Typical problems at the games included 600 children contracting food poisoning after being fed boxed lunches at the practice session for the Opening Ceremonies, striking laborers demonstrating outside games venues, displaying placards which read "No Wages, No All Africa Games." Women's field hockey was demoted to a non-medal event after the Nigerian team dropped out of the tournament. A melee at the finish of the basketball game between Angola and Egypt forced police to escort the Egyptian team from the court. Haile Gebrselassie, the world record holder in the 5,000 and 10,000 meters opted out of the games for health reasons, depriving the organizers of one of the biggest drawing cards of the games.

Despite the difficulties experienced, IOC President Juan Antonio Samaranch praised South Africa's organization of the Games, saying "this shows that you can organize big events."

Olympic stars Maria de Lurdes Mutola (athletics-800 m), Penny Heyns (swimming), Gete Wami (athletics, 10000 m) all starred in the women's events. South African pole vaulter Okkert Brits won his second African Games gold medal. Assefa Mezgebu of Ethiopia won the men's 10000 m.

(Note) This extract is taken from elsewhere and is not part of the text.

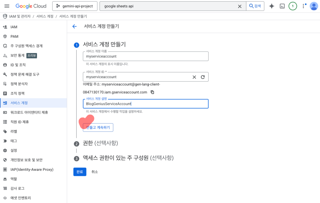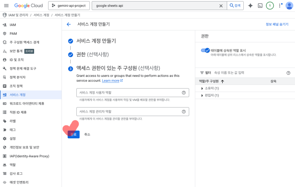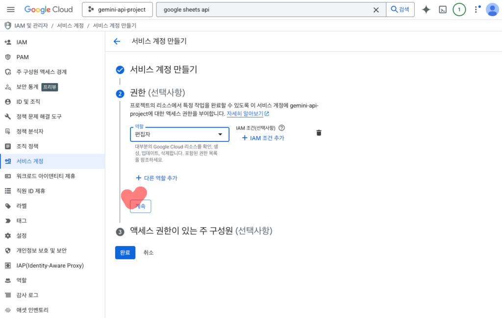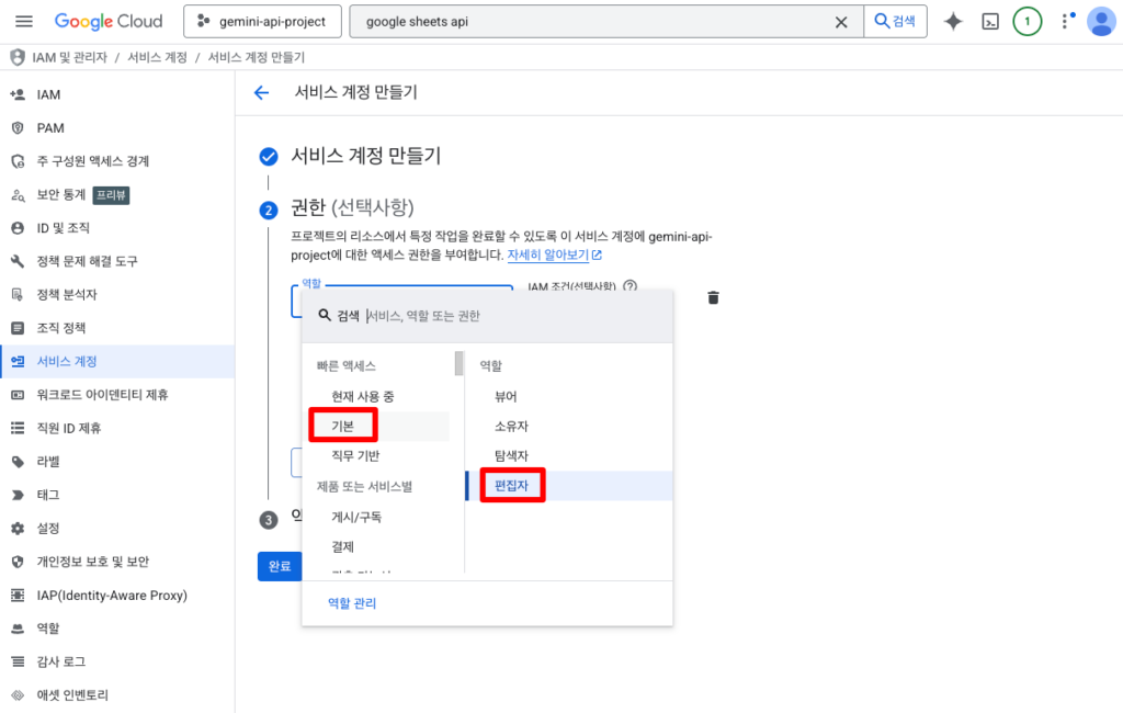 여기서 설정한 역할은 이 계정이 구글 클라우드 내에서 가지는 전반적인 권한입니다. 하지만 실제 개별 시트 파일에 대한 권한은 나중에 별도로 설정해야 하니 일단 편집자로 지정해두는 것이 작업하기 편하더라고요.
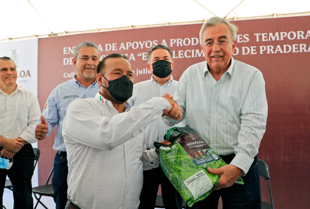 CULIACÁN, Sin.- Para apoyar a los productores de temporal, el gobernador Rubén Rocha Moya entregó un primer paquete de 5 mil bolsas de semilla para forrajes y sorgo, que beneficiarán a los primeros 2 mil 500 productores de los municipios de Elota, Badiraguato y Culiacán, quienes recibieron este apoyo de manera gratuita, como parte de una inversión estatal de 30 millones de pesos.

Cameroon beat Zambia 4-3 on penalty kicks to win the football finale.

==Sports==

- demonstration sport:

==Venues==

- Ellis Park Stadium
- Ellis Park Aquatic Centre
- Ellis Park Tennis Centre
- Expo Auditorium
- Expo Centre Hall
- Expo Centre Rand Show Road
- Johannesburg Stadium
- Wits University Old Mutual Sports Hall
- Orlando Stadium
- Pimville Indoor Hall
- Rand Stadium
- Randburg Astro Stadium
- Randburg Indoor Sports Hall
- Randburg Precinct
- Vista University
- Wembly Indoor Hall

==Medal table==

| Rank | Nation | Gold | Silver | Bronze | Total |
| 1 | South Africa (SAF)* | 71 | 64 | 49 | 184 |
| 2 | Nigeria (NGR) | 64 | 28 | 37 | 129 |
| 3 | Egypt (EGY) | 53 | 60 | 45 | 158 |
| 4 | Tunisia (TUN) | 20 | 20 | 23 | 63 |
| 5 | Algeria (ALG) | 14 | 24 | 32 | 70 |
| 6 | Kenya (KEN) | 10 | 10 | 20 | 40 |
| 7 | Cameroon (CMR) | 6 | 13 | 22 | 41 |
| 8 | Senegal (SEN) | 6 | 10 | 9 | 25 |
| 9 | Ethiopia (ETH) | 6 | 4 | 4 | 14 |
| 10 | Lesotho (LES) | 6 | 1 | 3 | 10 |
| 11 | Madagascar (MAD) | 4 | 3 | 7 | 14 |
| 12 | Angola (ANG) | 4 | 1 | 1 | 6 |
| 13 | Ghana (GHA) | 2 | 2 | 11 | 15 |
| 14 | Ivory Coast (CIV) | 2 | 1 | 5 | 8 |
| 15 | Uganda (UGA) | 2 | 1 | 3 | 6 |
| 16 | Zimbabwe (ZIM) | 1 | 10 | 13 | 24 |
| 17 | Mauritius (MRI) | 1 | 7 | 9 | 17 |
| 18 | Gabon (GAB) | 1 | 3 | 6 | 10 |
| 19 | DR Congo (COD) | 1 | 1 | 2 | 4 |
| 20 | Mozambique (MOZ) | 1 | 0 | 0 | 1 |
| 21 | Botswana (BOT) | 0 | 3 | 2 | 5 |
| 22 | Seychelles (SEY) | 0 | 1 | 6 | 7 |
| 23 | Congo (CGO) | 0 | 1 | 2 | 3 |
| Niger (NIG) | 0 | 1 | 2 | 3 |
| 25 | Benin (BEN) | 0 | 1 | 0 | 1 |
| Tanzania (TAN) | 0 | 1 | 0 | 1 |
| Togo (TOG) | 0 | 1 | 0 | 1 |
| Zambia (ZAM) | 0 | 1 | 0 | 1 |
| 29 | Swaziland (SWZ) | 0 | 0 | 4 | 4 |
| 30 | Cape Verde (CPV) | 0 | 0 | 2 | 2 |
| Central African Republic (CAF) | 0 | 0 | 2 | 2 |
| Mali (MLI) | 0 | 0 | 2 | 2 |
| Namibia (NAM) | 0 | 0 | 2 | 2 |
| 34 | Guinea-Bissau (GBS) | 0 | 0 | 1 | 1 |
| Libya (LBA) | 0 | 0 | 1 | 1 |
| Malawi (MAW) | 0 | 0 | 1 | 1 |
| Totals (36 entries) |  | 275 | 273 | 328 | 876 |

==Athletics==

See Athletics at the 1999 All-Africa Games

Maria de Lurdes Mutola of Mozambique won her third 800 metres title in a row. Nigeria won all four relay races; 4x100 metres and 4x400 metres for men and women. South African athletes won all four throwing events for men.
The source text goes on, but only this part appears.